Using Floyd's algorithm, the PJ API is exemplify for SMP programming, cluster programming and hybrid SMP cluster programming. Floyd's algorithm exhibits poor scalability for smaller problem sizes because it is not a massively parallel problem. Then the PJ program for block cipher key search was tested for potential keys searched. The key search program's scalability for this massively parallel problem is found better than the Floyd's algorithm program's scalability. When the PJ's message passing is compared with mpiJava, the performance of PJ is found slightly better than mpiJava's. This evaluation is done by using a "ping-pong" program.
The mpiJava   API follows the model of C++ binding specified in the MPI 2 standard. The major classes of mpiJava are MPI, Group, Comm, Datatype, Status and Request (See Figure 6). The class MPI has static members and contains global service. The communication class is Comm and it has communication functions either as its members or its subclasses. The standard send and receive operations of MPI are members of Comm. Datatype describes the type of the elements in the message buffers. The mpiJava provides all the derived datatype constructors of standard MPI except MPI_TYPE_STRUCT. It has its own predefined datatype MPI_Object.
Java runtime and the interrupt mechanisms have no interrupt problem. It is possible because in the MPI implementations the JDK allows the use of green or native threads. The mpiJava works steady on NT platforms using WMPI and JDK 1.1 or later as and on UNIX platforms using MPICH and JDK 1.2.
Figure 6: Classes of mpiJava
For functionality tests C test suite (originally developed by IBM) is translated to mpiJava. The basic inter-processor communications performance tests are based on PingPong. Startup Latencies are observed due to the relatively poor performance of the JVM. In both the Shared Memory (SM) mode and the Distributed Memory (DM) mode the mpiJava wrapper adds an extra micro seconds compared to WMPI and MPICH. The performance of mpiJava in SM under WMPI is good. The MPICH results for mpiJava show reasonable performance. In DM under WMPI the C and mpiJava codes display very similar performance characteristics throughout the range tested while under MPICH there is distinct performance difference between C and mpiJava is observed.
The middleware P2P-MPI  has been designed to facilitate parallel programs deployment on grids. It allows an automatic discovery of resources, a message passing programming model, a fault-detection system and replication mechanisms.
The API implements appropriate message handling, and relies on the following three modules (see figure 7); "The Message Passing Daemon" (MPD), "The File Transfer Service" (FT) and "The Fault Detection Service" (FD).

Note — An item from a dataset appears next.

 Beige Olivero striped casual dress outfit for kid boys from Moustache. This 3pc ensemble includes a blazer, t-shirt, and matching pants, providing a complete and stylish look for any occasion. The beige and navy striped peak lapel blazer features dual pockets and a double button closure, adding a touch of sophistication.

Figure 7: P2P-MPI structure
In P2P-MPI an up-to-date directory of participating nodes and discovery for execution platform use the discovery service of JXTA. P2P-MPI has a replication mechanism to increase the robustness of an execution platform with the exception for the root process. The coordination of replicas means a protocol insuring that the communication scheme is kept coherent with the semantics of the original MPI program. Between the two broad classes of this type of protocol i.e. passive replication and active replication, P2P-MPI protocol follows the latter strategy. Moreover specific agreement protocols are also added on both sender and receiver sides.

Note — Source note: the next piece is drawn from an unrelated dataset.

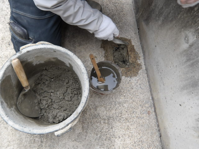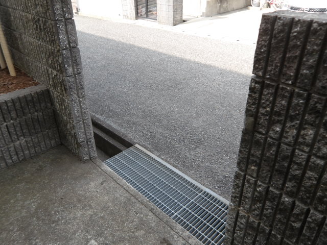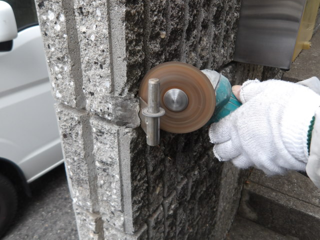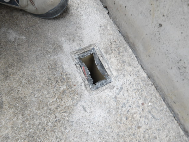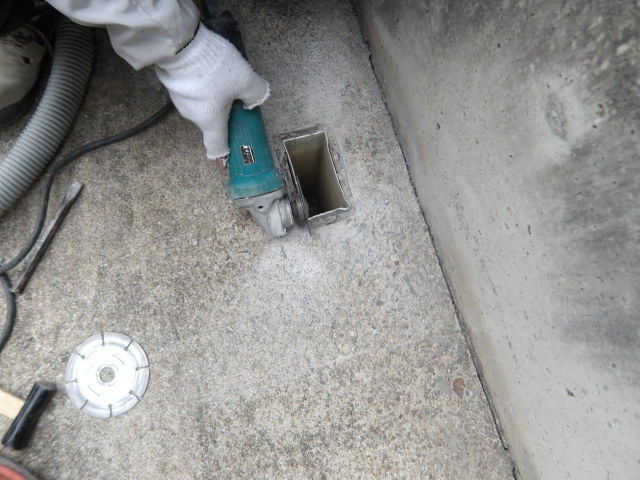 支柱の金属跡見えない様にと駐車場土間の土間の高さに合わせるため、切断した支柱の周りのコンクリートを除去。

For fault detection and recovery instead of the classic models of fault detectors push and pull models, the gossip-style protocol is adopted for P2P-MPI. Two experiments are setup to test communication and computation performances, how applications scale, and the impact of replication on performance.
In the first experiment, the gap between P2P-MPI and some reference MPI implementations is measured. For this two test programs with contrary characteristics from the NAS benchmarks are used. These are IS (Integer Sorting) and EP (Embarrassingly Parallel). For this experiment the hardware platform is a student computers room. The prototype achieves its goals at the expenses of an overhead gained extra communications. P2P-MPI has simpler optimizations and the use of a virtual machine (java) instead of processor native code leads to slower computations.

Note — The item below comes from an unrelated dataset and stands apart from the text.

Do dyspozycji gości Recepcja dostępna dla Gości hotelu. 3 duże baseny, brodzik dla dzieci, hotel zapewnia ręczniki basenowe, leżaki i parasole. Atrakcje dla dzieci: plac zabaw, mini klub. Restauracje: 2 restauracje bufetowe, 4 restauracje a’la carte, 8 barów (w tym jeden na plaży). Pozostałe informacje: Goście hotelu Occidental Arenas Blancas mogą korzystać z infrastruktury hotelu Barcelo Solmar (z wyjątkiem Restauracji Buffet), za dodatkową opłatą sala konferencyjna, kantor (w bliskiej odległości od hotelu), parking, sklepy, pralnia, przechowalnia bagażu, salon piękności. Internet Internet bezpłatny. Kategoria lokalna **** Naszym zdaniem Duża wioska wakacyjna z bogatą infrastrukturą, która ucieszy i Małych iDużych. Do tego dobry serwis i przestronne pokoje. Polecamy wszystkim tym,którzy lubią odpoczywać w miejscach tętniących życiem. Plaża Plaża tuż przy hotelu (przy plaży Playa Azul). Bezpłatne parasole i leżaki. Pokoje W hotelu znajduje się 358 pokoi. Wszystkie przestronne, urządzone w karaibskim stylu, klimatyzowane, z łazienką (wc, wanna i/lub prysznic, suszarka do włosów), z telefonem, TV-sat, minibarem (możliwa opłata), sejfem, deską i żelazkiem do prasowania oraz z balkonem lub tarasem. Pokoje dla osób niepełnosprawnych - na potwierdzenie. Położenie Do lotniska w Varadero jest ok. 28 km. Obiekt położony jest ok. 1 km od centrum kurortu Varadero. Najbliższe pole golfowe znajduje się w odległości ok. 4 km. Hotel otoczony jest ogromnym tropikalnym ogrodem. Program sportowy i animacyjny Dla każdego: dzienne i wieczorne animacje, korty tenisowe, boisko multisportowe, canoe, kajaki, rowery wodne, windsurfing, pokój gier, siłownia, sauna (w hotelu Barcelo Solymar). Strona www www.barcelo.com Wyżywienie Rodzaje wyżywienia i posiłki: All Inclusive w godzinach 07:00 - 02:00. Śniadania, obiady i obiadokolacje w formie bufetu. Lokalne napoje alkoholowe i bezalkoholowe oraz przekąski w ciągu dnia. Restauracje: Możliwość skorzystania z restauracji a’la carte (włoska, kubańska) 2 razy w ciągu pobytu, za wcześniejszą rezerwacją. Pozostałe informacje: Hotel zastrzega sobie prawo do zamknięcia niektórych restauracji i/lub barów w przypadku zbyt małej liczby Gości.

P2P-MPI benchmark IS shows an approximately as good performance as LAM/MPI up to 16 processors while MPICH-1.2.6 is noticeably slower on this platform. IS shows a linear increase of execution time with the replication degree. It is observed that P2P-MPI performance curve tends to approach LAM and MPICH ones. Whereas, the EP benchmark shows that P2P-MPI is slower for computations because it uses Java. It is noted that this test is twice as slow as when EP programs use Fortran. The EP test shows very little difference with or without replication.
In this second experiment to test P2P-MPI the application "ray-tracer" from the Java Grande Forum MPJ Benchmark is used. After several series of executions of the application, it was observed that the application scales well up to 64 processors on a single site, and with 128 processors, the scalability largely decreases. It turns to a slowdown with distant sites because a computation to communication ratio does not allow more parallelism. However, the experiment confirms the good scalability of the application.
MPJ Express  is a thread-safe Java messaging library that provides a full implementation of the mpiJava 1.2 API specification. Two communication devices are implemented as part of the library, the first, called niodev is based on the Java New I/O package and the second, called mxdev is based on the Myrinet eXpress (MX) library. MPJ Express comes with an experimental runtime, which allows portable bootstrapping of Java Virtual Machines across a cluster or network of computers.
Figure 8: Hybrid Distributed Shared Memory Architecture
The design philosophy of Ibis is similar to MPJ EXPRESS. MPJ Express has a layered design that allows incremental development, and provides the capability to update and swap layers in or out as needed. Figure 1 is a layered view of the messaging system that shows MPJ Express levels: high-level, base-level, mpjdev, and xdev. The high and base level rely on the mpjdev and xdev levels for actual communications, and interaction with the underlying networking hardware.
There are two implementations of the mpjdev level. The first implementation will provides JNI wrappers to native MPI implementations. It would also be possible to use higher-level features of native MPI library, instead of relying on the pure Java ones implemented at top levels of the design. The second implementation will use the lower level device called xdev to provide access to Java sockets or specialized communication libraries. xdev is not needed by the wrapper implementation because the native MPI is responsible for selecting and switching between the different communication protocols.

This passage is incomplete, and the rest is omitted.